# celestion g12m greenback in peavey classic 30?



## dropdew (Nov 18, 2014)

just wondering if anyone has heard a 2 x 12 or a 1 x 12 cabinet loaded with celestion g12m greenbacks playing through a peavey classic 30 or a classic 50? I am narrowing down the speakers I am going to install into a 2 x 12 cabinet.


----------



## gtone (Nov 1, 2009)

If you like the tone of Greenbacks (and I personally do), they can sound good in almost any amp. I've used them in everything but old Fender Tweeds and early Valco/Supros and they've rarely disappointed. I've never owned a Peavey Classic model, but I'd be willing to bet they'd sound good in one. They have an early and smooth breakup that can tame an amp with spikey highs yet they sound great with darker amps too, even though you may have to tweak the tone controls to get the appropriate nasal "honk". With their breakup characteristics, some complain of their wooly or fuzzy character under gain or volume, but that is the sound they're associated with. If you want a speaker with no cone breakup or compression, Greenbacks are definitely not it! If you want smooth breakup and compression, strong mids and woody sounding classic rock tone, the Greenback can be just the ticket.


----------



## surlybastard (Feb 20, 2011)

I've not heard them with a peavey but I have a rule about greenbacks: they may not be the best choice with a given amp but they will never be the worst choice you can make. They're very neutral and like gtone said will smooth any harshness the amp has. As picking speakers is often a shot in the dark if you're worried about getting something you'll hate I'd say greenbacks are the way to go.


----------



## dradlin (Feb 27, 2010)

Greenbacks are rated at 25w and the Classis 30 rated at 30w. A 65w or 75w Creamback might be a consideration, which are intended to be a higher powered version of the Greenback.

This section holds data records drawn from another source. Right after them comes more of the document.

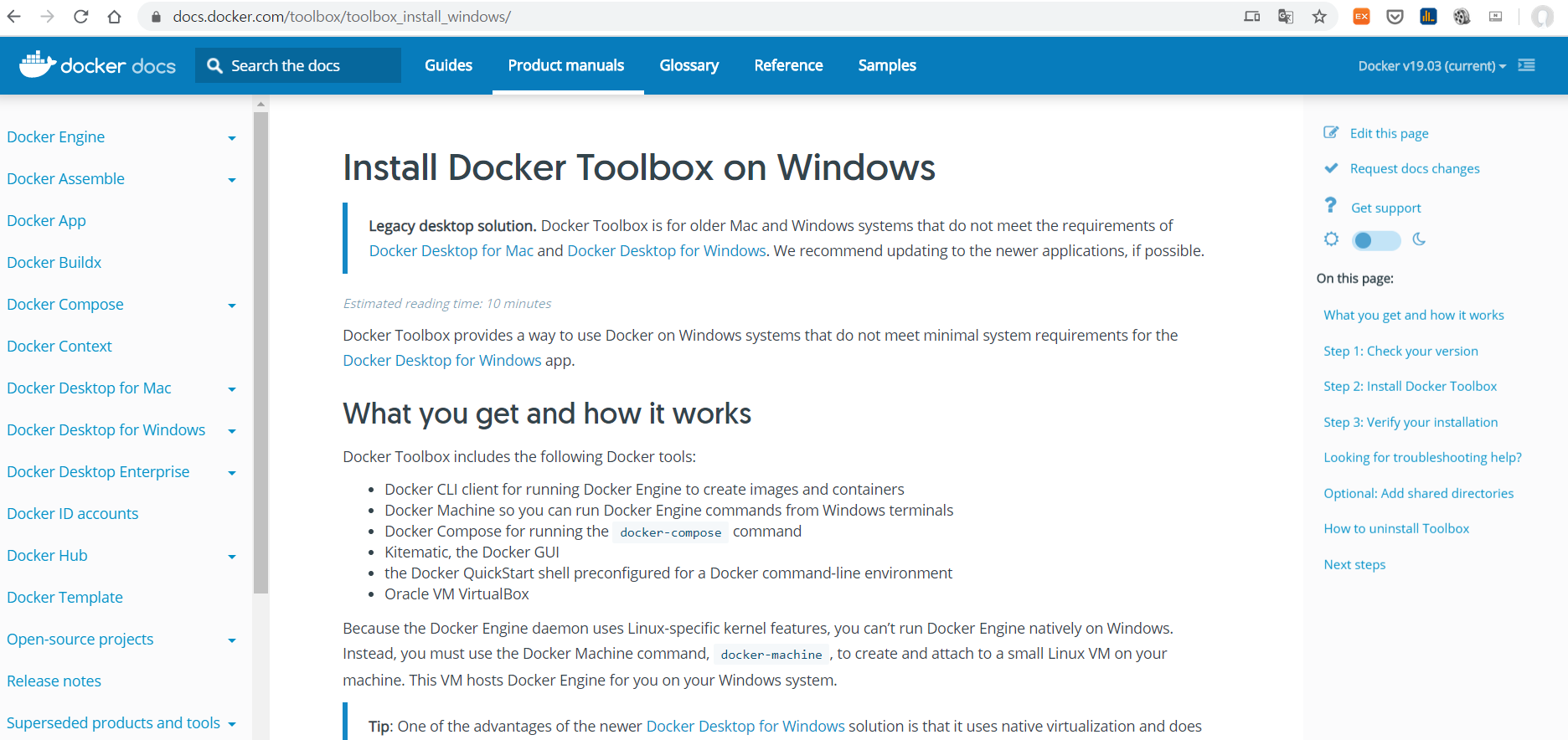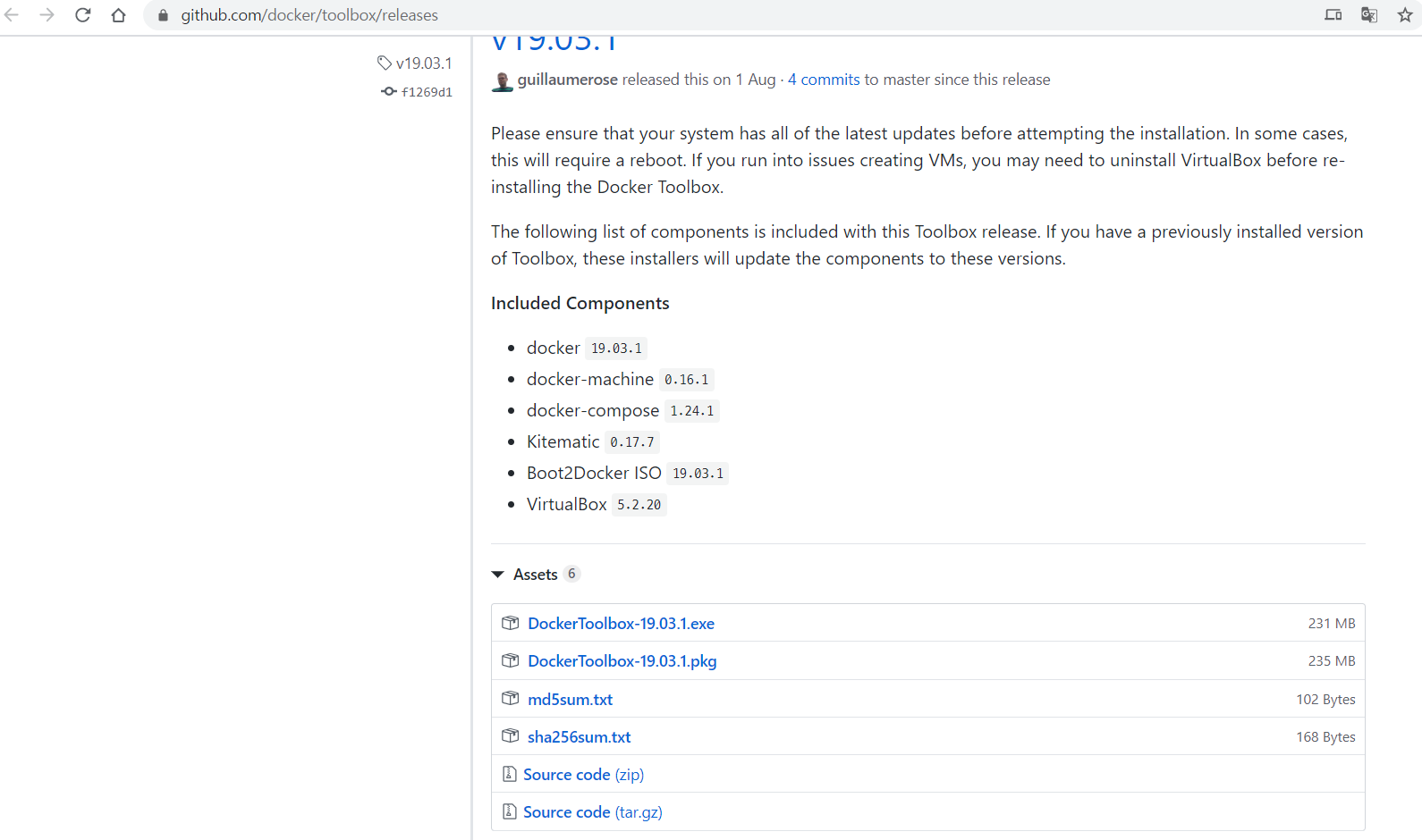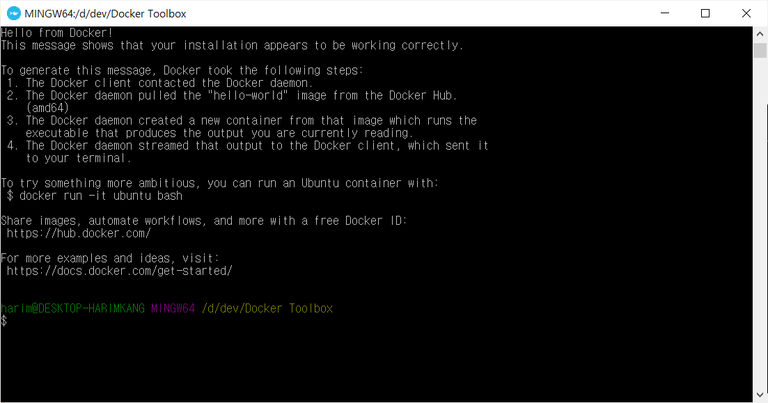 Windows 10 pro는 Docker for Windows를 설치하여야 하고, Windows 7, 8, 10은 Docker toolbox를 설치하면 됩니다. 해당 포스팅에서는 Windows 10 기준이므로, Docker toolbox를 설치해보겠습니다.
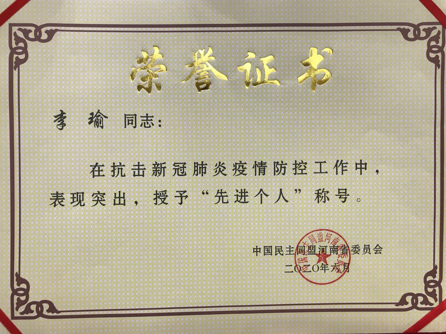 鉴于在疫情期间的突出表现,哔咔漫画 教师李瑜同志被民盟河南省委授予“抗疫先进个人”荣誉称号。
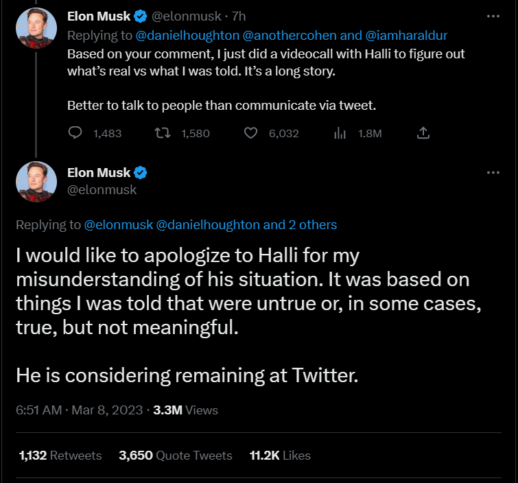 หลังจากนั้น Elon Musk ก็ได้วิดีโอคอลคุยกับ Halli เป็นการส่วนตัว สุดท้ายก็ออกมากล่าวขอโทษ Halli ที่เค้าได้ยินข้อมูลมาผิด ๆ จนเข้าใจผิดไป และบางเรื่องที่ได้ฟังมาก็ไม่ได้มีประโยชน์อะไร จนทำสถานการณ์วุ่นวายเกินไปใหญ่
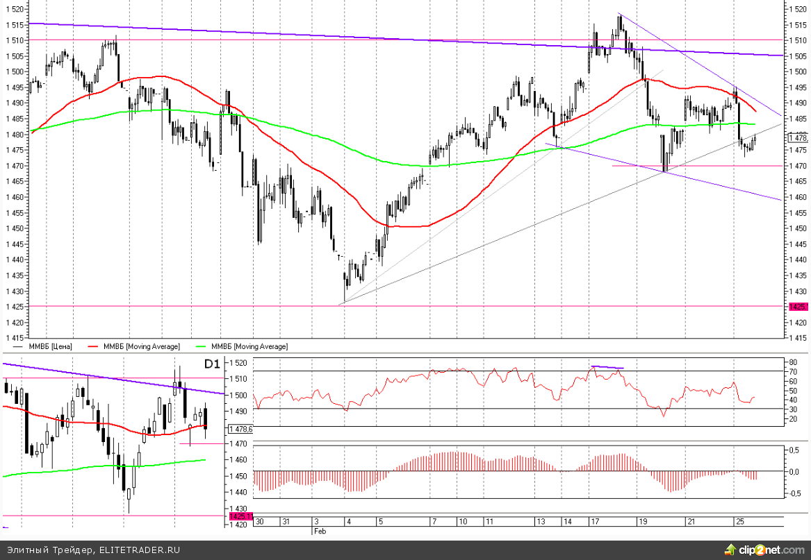 Индекс ММВБ: Актуальность боковика 1425-1510 сохраняется
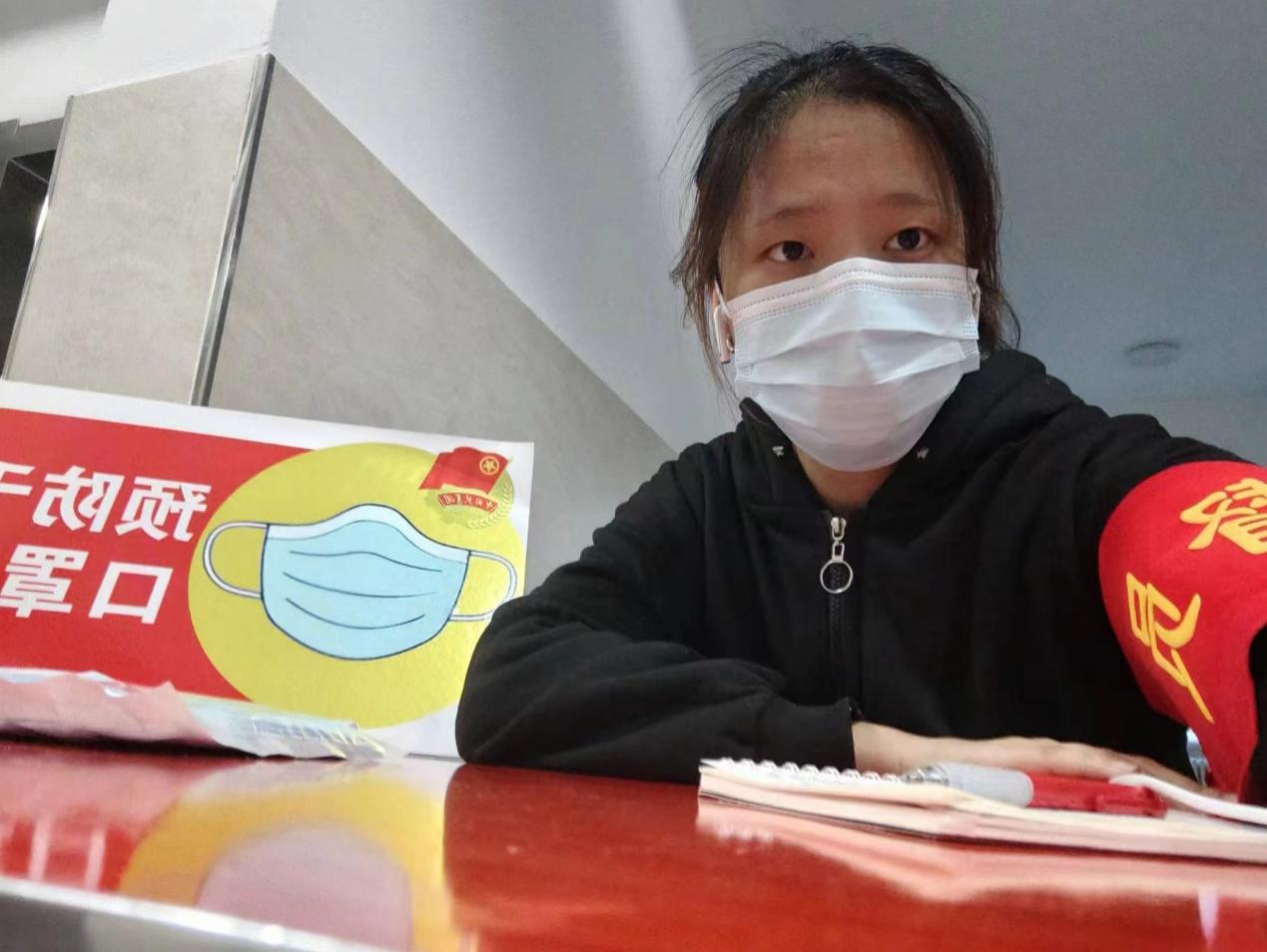 在实施B级管控后,学校在寝室各个楼层设立值班岗位,目的就是严格监督同学们佩戴口罩。210504班的张心如就参与在值班志愿者的行列中。这项任务看似简单,却是疫情防控工作中紧要的一环。戴口罩既是保护自己不被感染,也是当自己有了呼吸道症状时保护身边人的有效措施,是预防传染病的重要防线。
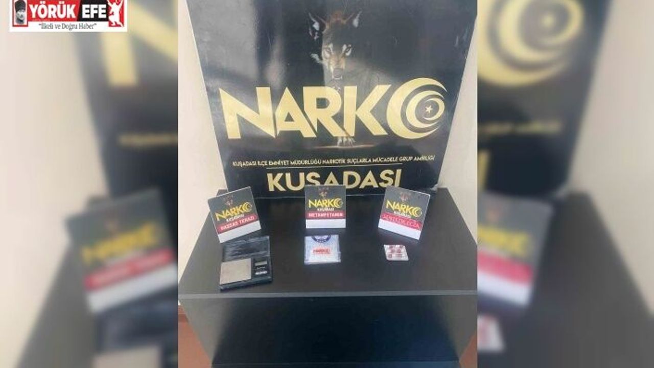 Edinilen bilgiye göre, Kuşadası Narkotik Suçlarla Mücadele Büro Amirliği ekiplerince bir ikamette yapılan aramalarda; 15.97 gram metamfetamin, 6 adet sentetik hap, 1 hassas terazi ele geçirildi. Operasyonda A.P. (35) yakalanarak gözaltına alındı. Zanlı, emniyetteki işlemlerinin ardından sevk edildiği adli makamlarca tutuklanarak cezaevine gönderildi.
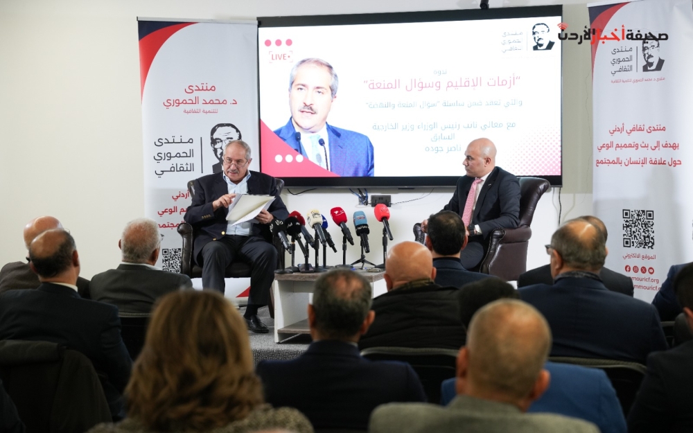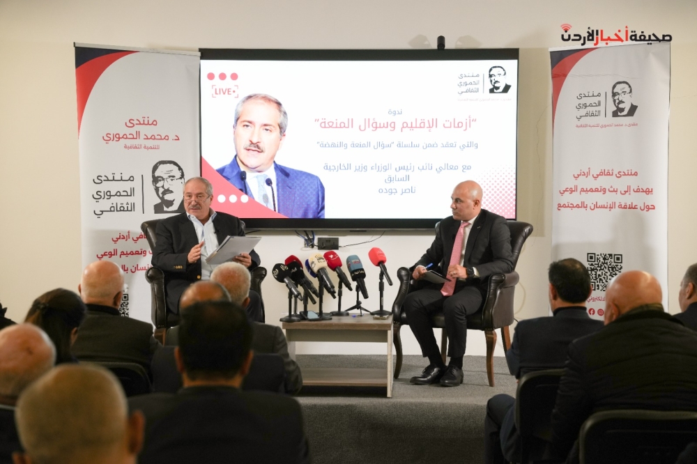 أكد نائب رئيس الوزراء ووزير الخارجية الأسبق، ناصر جودة، أن مصلحة الأردن العليا لا تعلو عليها أي أولوية أخرى، وأن المملكة ستدافع عن سيادتها بكل قوة في وجه أي تداعيات للأزمات المحيطة. جاء ذلك خلال الجلسة الثانية من سلسلة ندوات "سؤال المنعة والنهضة" التي نظمها منتدى الدكتور محمد الحموري للتنمية الثقافية، السبت، تحت عنوان "أزمات الإقليم وسؤال المنعة"، وأدارها الإعلامي محمد الخالدي.
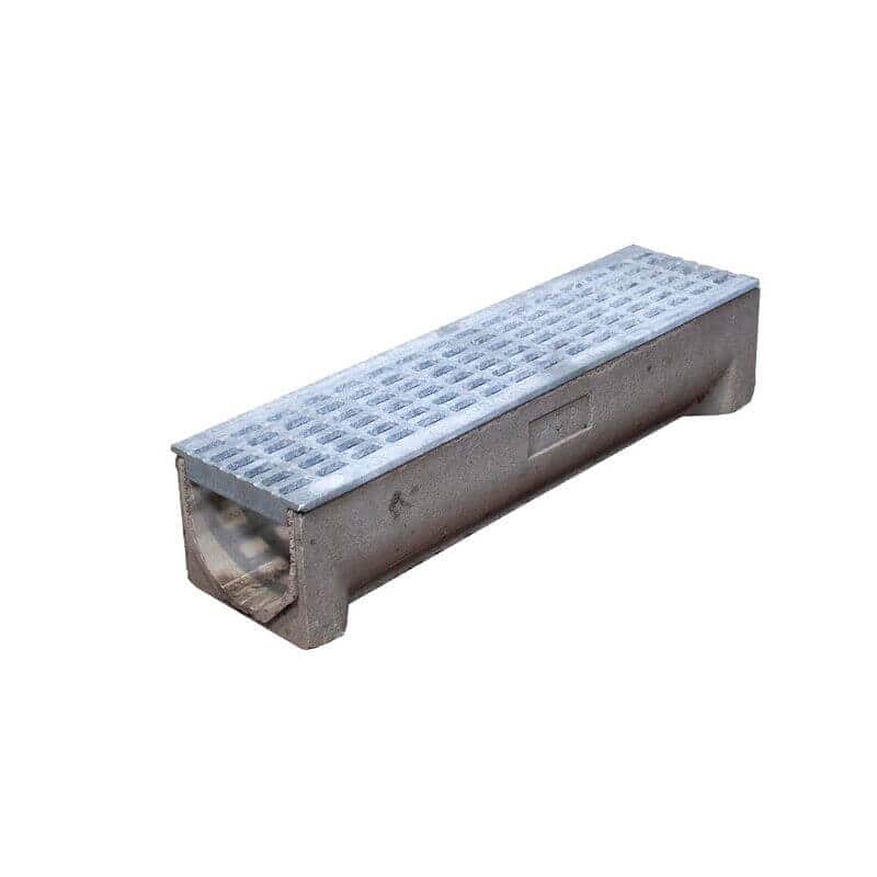 Dette Aquadræn er lavet af holdbar polymerbeton og leveres med en aftagelig galvaniseret støbejernsrist, der er sikret med låseklemmer.
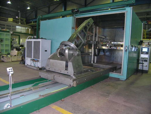 Volume of chamber is more then 50 m3.Accelerating voltage is 60 kV, electron beam current is up to 1000 mA. Operational pressure is 5×10-4 mbar. The parts to be welded and the gun are moved inside the chamber by a high-precision manipulator in 3D dimensions and rotation
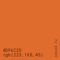 Цвет #DF6C2D в цветовой модели RGB обозначается тремя октетами (223, 108, 45) в десятичном формате и #DF6C2D в шестнадцатиричном (hex) формате, которые являются интенсивностью красного 223 (hex DF), интенсивность зелёного 108 (hex 6C) и интенсивность синего 45 (hex 2D).

Edit: But 25w would be fine in 2x12 cab as you intend (missed that).


----------



## WCGill (Mar 27, 2009)

Weber Silver Bell hemp cone sounds excellent in the Peavey.


----------



## TWRC (Apr 22, 2011)

I'm actually convinced that the Silver Bell sounds good in everything. 



WCGill said:


> Weber Silver Bell hemp cone sounds excellent in the Peavey.


----------



## Chito (Feb 17, 2006)

Can't help with the Greenbacks as I have never tried one. But for the Classic 30, I exchanged emails with Ted Weber before he passed away, and he recommended the Weber Blue Dog Ceramic. That's what I have in it now and it's the best one I've tried with it. I also use an extension cab with the original Blue Marvel speaker. Which I thought was harsh sounding, actually sounded good in a closed cab.


----------